■ WORK INSTRUCTIONS
Please restate word for word all lines from the one containing "Mesa de comedor" to the final line of the entries, and include no pictures.

■ DATA SUPPLIED

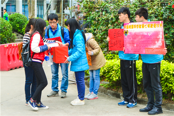 2015年3月12日至13日,永利y234552013级应用化学(化工工艺)2班分别在莞城校区与松山湖校区为身患急性白血病的温晓慧同学举行爱心募捐活动,在校园里谱写出了温暖动人的爱的乐章。
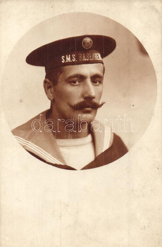 https://www.darabanth.com/en/26-Major-auction/26.1/Thematic-postcards/Warship~10213/1916-Az-SMS-Babenberg-osztrak-magyar-csatahajo-matroza-Laszloczky-Gyula-mariner-of-SMS-Baben~II1488511
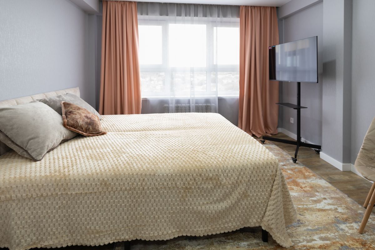 Смарт видовой номер в бежевых тонах. Зона прихожей. Душевая кабина, удобная двуспальная кровать, кухонный уголок, полностью оборудованный холодильником, свч печью, чайником. Есть уютный круглый столик для завтрака, где комфортно разместится два человека.
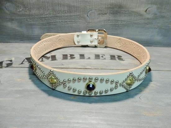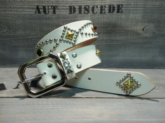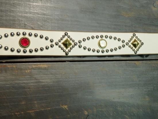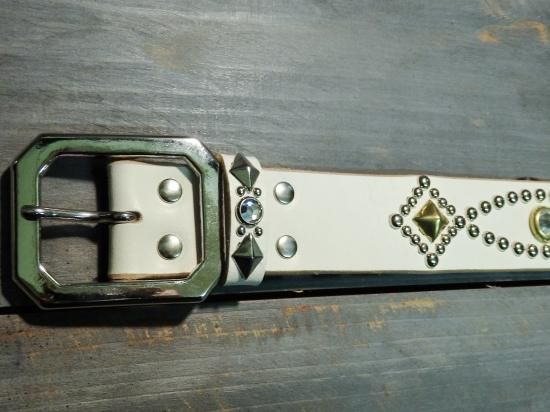 ■商品名:スタッズベルト/サドルレザー・WHITE/オーダー品
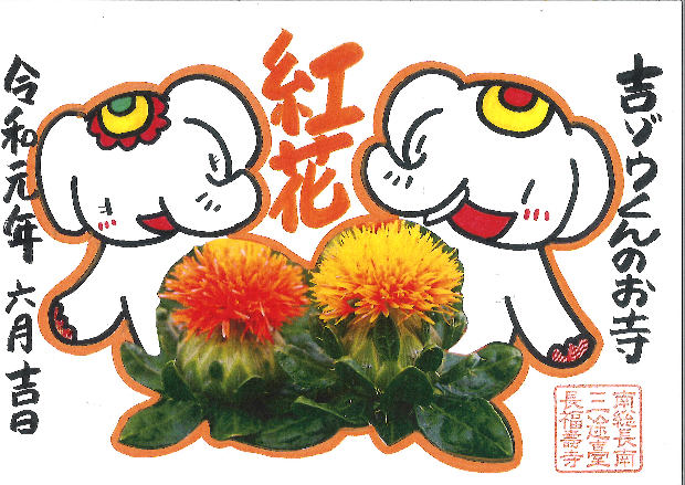 ①長福寿寺の紅花(吉ゾウくんのスタンプ)
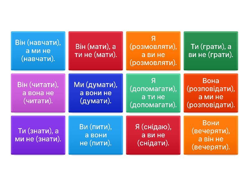 Він (навчати), а ми не (навчати). - Він навчає, а ми не навчаємо., Він (мати), а ти не (мати). - Він має, а ти не маєш., Я (розмовляти), а ви не (розмовляти). - Я розмовляю, а ви не розмовляєте., Ти (грати), а ви не (грати). - Ти граєш, а ви не граєте., Він (читати), а вона не (читати). - Він читає, а вона не читає., Ми (думати), а вони не (думати). - Ми думаємо, а вони не думають., Я (допомагати), а ти не (допомагати). - Я допомагаю, а ти не допомагаєш., Вона (розповідати), а ми не (розповідати). - Вона розповідає, а ми не розповідаємо., Ти (знати), а ми не (знати). - Ти знаєш, а ми не знаємо., Ви (пити), а вони не (пити). - Ви п’єте, а вони не п’ють., Я (снідаю), а ви не (снідати). - Я снідаю, а ви не снідаєте., Вони (вечеряти), а він не (вечеряти). - Вони вечеряють, а він не вечеряє.,
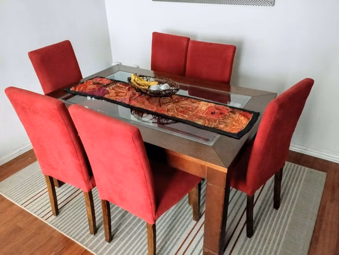 Mesa de comedor de 100 x 150, de madera con vidrio de 70 x 120 en la cubierta, con 6 sillas de tela.
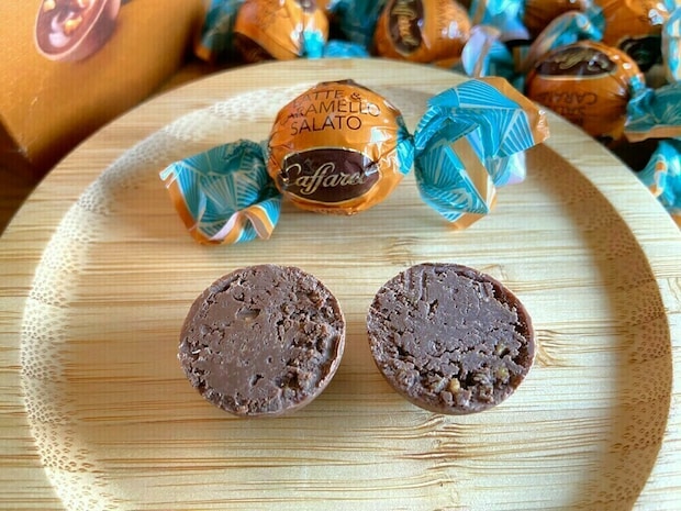 滑らかなチョコレートフィリングをミルクチョコレートで包んだ構造になっており、フィリング内には塩キャラメルチップが練り込まれています。

■ OUTPUT OF THE EXERCISE
 Mesa de comedor de 100 x 150, de madera con vidrio de 70 x 120 en la cubierta, con 6 sillas de tela.
 滑らかなチョコレートフィリングをミルクチョコレートで包んだ構造になっており、フィリング内には塩キャラメルチップが練り込まれています。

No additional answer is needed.